You may not agree with the Fortune editors’ selections on The Greatest Business Decisions of All Time (Title of their 2012 book ) but you will certainly find the proverbial food for thought. What struck me, as I read the stories, were the values that drove the greatest business decisions.
Valuing Customers Zappos – Decision to offer free shipping and free returns was not based on running the numbers. At the time of the decision, Zappos had not made any profit. The brainstorming executives concentrated on what really would please the online shoe-shopping customers. From that single, from-the-gut decision grew Zappos’ customer service is everyone’s business. The results were a customer smash hit and growth for Zappos.
Valuing Ethics Johnson and Johnson – Decision for a total recall of Tylenol after capsule-tampering had poisoned and killed 7 people in Chicago. At the time of the decision there had never been a total product recall; even the US government was against the decision. James Burke, CEO then, believed in the founding ethics: “We believe our first responsibility is to the doctors, nurses, and patients, to mothers and fathers and all others who use our products and services.” In other words, do no harm. Cost was not a factor; loss of reputation did not enter into the discussion. It was simply the right thing to do. The result surprised everyone – innovations in safety and packaging, establishment of customer trust and renewed confidence in the product.
Valuing Leadership General Electric – Decision to establish center for leadership training and innovation and remake management education in Crotonville. At the time of decision GE was in the throes of re-making itself by shedding its old businesses. Jack Welch, the new CEO, needed strong, creative leadership at all levels to remake the monolith that GE had become. The result was the transformation of GE managers into innovative leaders and the transformation of GE itself.
And, the GE story hit home for me – as I grew up in Pittsfield, MA – that GE town where Jack Welch got his start in Plastics. For those who grew up in GE towns – there was always a GE aura that hovered over the town – in our case, it hovered over the whole county. (Old GE strategy: build plants in locations with no manufacturing competition and own the towns/counties/people as top employer. GE generally paid managers 3 times the going rate!) Originally, GE’s Crotonville produced the old line manufacturing management you expected from US companies. The new Crotonville recreated GE ideas about managers and leadership.
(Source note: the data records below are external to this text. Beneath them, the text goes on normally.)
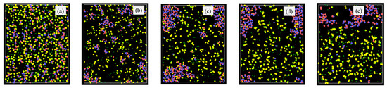 After reaching their peak temperatures, the systems were maintained at those temperatures for 2 ns while keeping the pressure constant at 2000 bar. During this period, gas species continued to be removed at 5 ps intervals. Following the holding phase, the temperature was gradually reduced back to 300 K over 0.5 ns, resulting in a total simulation time of approximately 2.75 to 3 ns. Throughout the heating process, bonding data were recorded every 5 ps, and atomic positions were continuously tracked. More details on ReaxFF simulation of the PSO pyrolysis to SiOC systems can be found in other references [26,28]. Compared to these earlier efforts, this study introduced several novel insights: (1) atomic-level insights into cluster separation, (2) first-time correlations between gas release and polymer molecular structures, (3) comprehensive analysis of pyrolysis conditions, (4) a new understanding of side group influence, and (5) first in-depth quantitative knowledge of early-stage pyrolysis.
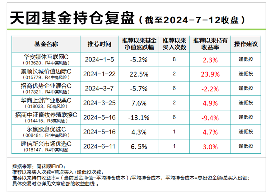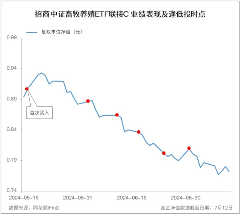 之们连续逢低投商中证畜牧养殖ETF联接C,一期推荐中,们强调了仓位管理重要性。这只基金仓位,最控制在10%左右。如果买多了,可以在反弹阶段适当减仓,同时补充红利基金仓位。
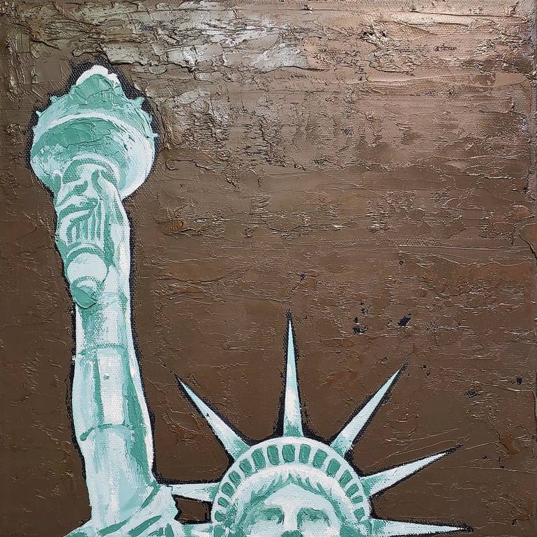 Part of my popular Give Us Liberty series, this painting has colors of mint blue-green, olive-brown and faded charcoal edges
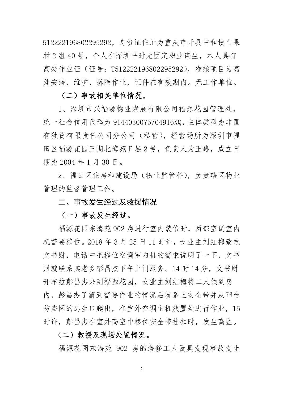 “1.18”福田區禮園工程項目死亡事故調查報告
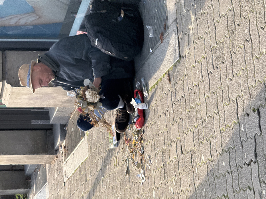 An adult male is observed crouching on a grey interlocking block pavement adjacent to a building wall in Strasbourg, France. The man, appearing middle-aged with a shaved head, wears a light-colored straw fedora with a blue and white patterned band, a dark grey or black long-sleeved jacket/coat, dark trousers, and brown boots. He is holding and examining a bouquet of dried or artificial flowers, composed of various textures and colors, including prominent white/beige elements and reddish stems. His gaze is directed downwards towards the flowers. To his right, a black Karrimor backpack rests upright against the building wall. In front of him on the pavement, a red, open, oval-shaped container holds a small white bottle with a dropper or spray top and other indistinct items. Scattered around this container and extending towards his left foot are numerous pieces of debris, including discarded paper fragments, dried leaves, and other small detritus. A dark blue fabric item, possibly a cap, is visible near his left knee. The building facade behind him features light-colored stone or concrete architectural elements and a darker recessed section, with a partial blue and white graphic visible further right on the wall. The scene is illuminated by natural sunlight, casting distinct shadows.
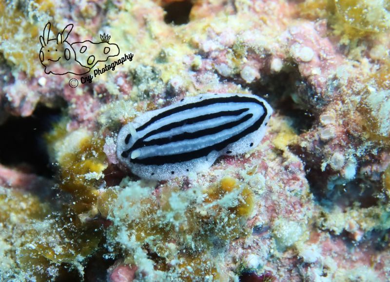 Fun Fact: Phyllidiopsis xishaensis is distinguished by its soft, pale body with unique black to dark purple lines and small tubercles, making it a subtle but striking presence on the reef.
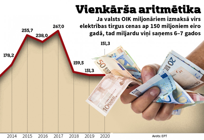 Another imitation of action in the execution of the MoE is to hide OIK payments under electricity supply payments. The MoE informs that “it has developed a scenario for the gradual reduction of the OIK, which envisages directing the dividends of the Latvenergo group (and the corporate income tax related to their disbursement) to the gradual reduction of the OIK in the coming years.” In other words, the increase in Latvenergo's tariffs corresponds to the decrease in OIK, as these tariffs are a source of money that the state receives in the form of dividends and then returns to private entrepreneurs. Such a maneuver is not new either, but a method that has already been tested for the election of the 13th Saeima, which the ruling parties also want to use for the 14th Saeima elections.
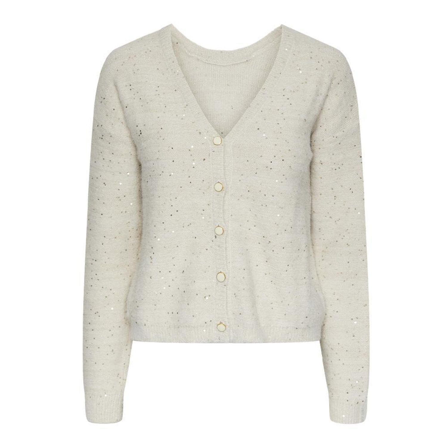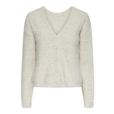 Optez pour ce gilet Pieces- Coloris : Ecru- Col V- Manches longues- Composition : 60% nylon, 32% acrylique, 8% fibres métalliques
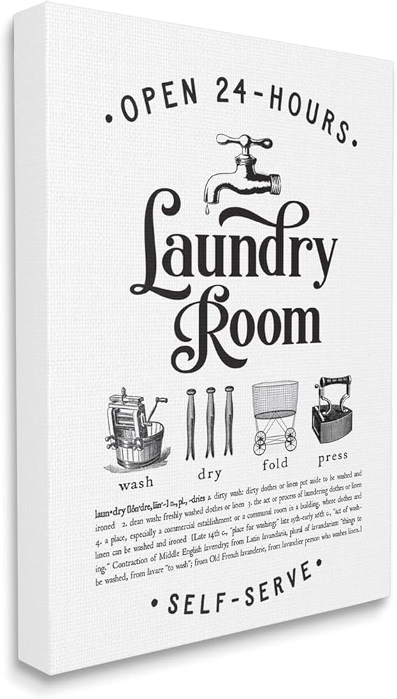 Stupell Industries Vintage Laundry Room Definition Wash Dry Fold, Designed by Lettered and Lined Canvas Wall Art, White
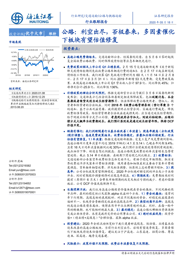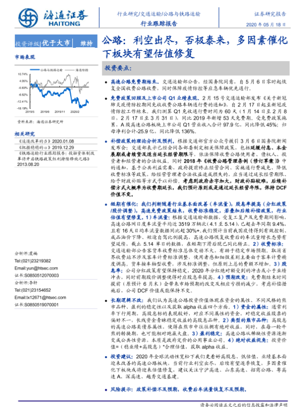 【海通证券】【20200518】公路:利空出尽,否极泰来,多因素催化下板块有望估值修复-5页
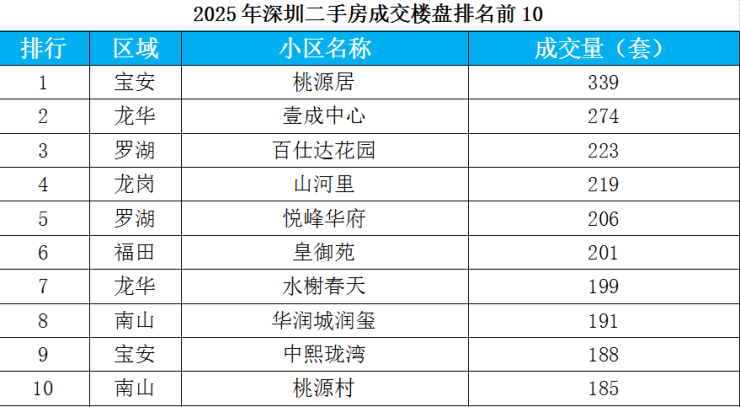 2025年龙岗成交最猛,桃源居小区稳居第一
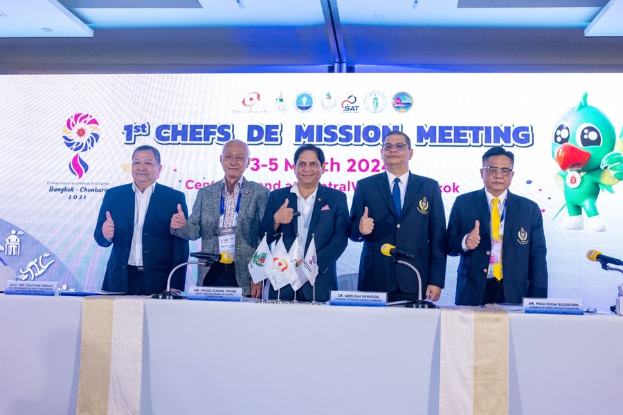 Bangkok, Thailand, March 5, 2024: Dato Seri Chaiyapak Siriwat, OCA Vice President and Vice President of Thailand NOC, assured delegates at the 1st Chefs de Mission Meeting that empty halls and unadorned indoor stadiums would be transformed into fully-fledged facilities for the 6th Asian Indoor and Martial Arts Games in November.
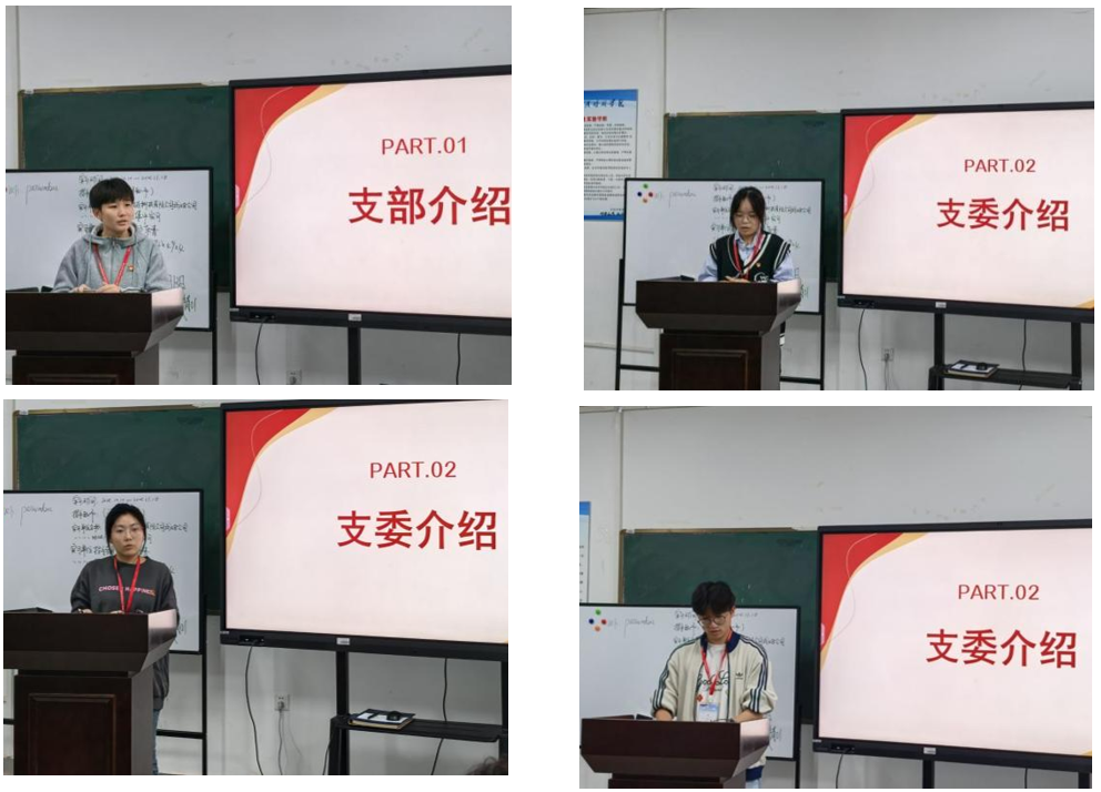 会议伊始,主持人介绍本次会议将分为支部介绍、支委介绍、业务培训三个部分开展。随后,商学院学生第二支部副书记乔思琪同志阐述了会议目的,概述了支部情况,并希望同学们认真学习培训内容,以便更好地了解支部工作的相关技巧。接着,支委会成员汪宁、王晓余、田振宇同志分别上台进行自我介绍并简单介绍组内工作。
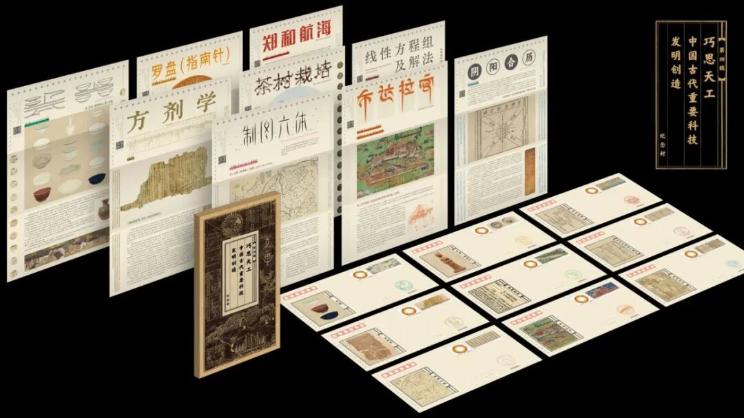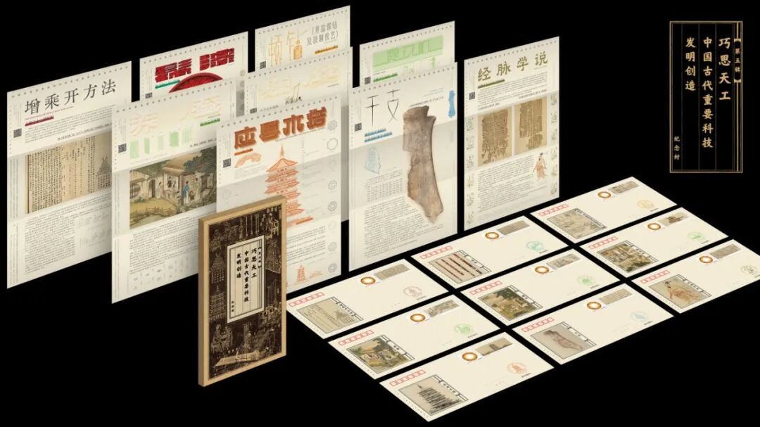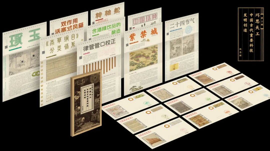 截至2024年5月,中国邮政已发行了五辑《巧思天工——中国古代重要科技发明创造》纪念封和个性化邮票本册系列邮品,涉及农学与纺织、数学、天文、医药学、材料与制器、机器与仪器、车船火药与火器、土木工程、光学地学与韵律学九大主题,几乎囊括了可触达的学科领域。邮品内容严谨、设计精美、兼具学术性和趣味性,是科技界与集邮界共同致力科学文化传承与发展的精品力作。
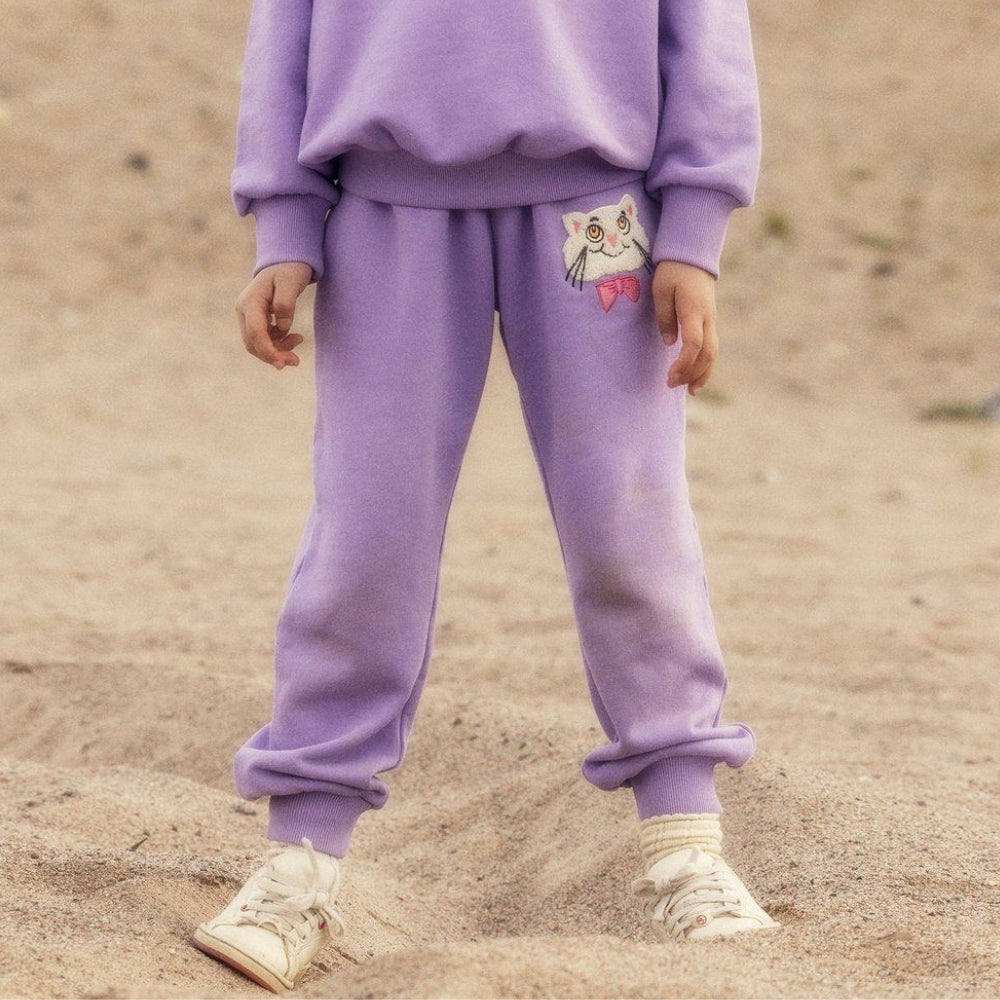 Mini Rodini Spodnie dresowe dla dzieci Cat with bowtie Purple

As a brand new manager at Berkshire Life Insurance company, I was inoculated with those ideas – our executives were influenced by changes occurring within GE and challenged us. Berkshire Life sent us to conferences where Noel Tichy, guru to Crotonville, spoke. I worked with GE executives on the Board of Directors at the YMCA where I could hear the excitement from managers now on Jack’s team. They bought into the need for innovation – for re-creation.
Today, it seems to me that we are very much in the business world where success is not about the numbers. Success lies in the values where customers are served according to what they need and what they value. Success follows when you guide your business and your people with ethics that profits cannot negate. Success requires that you continually invite ideas for innovation and transformation.
Leading by example is not a motto, it’s hard work. Leadership decisions require both risk and faith.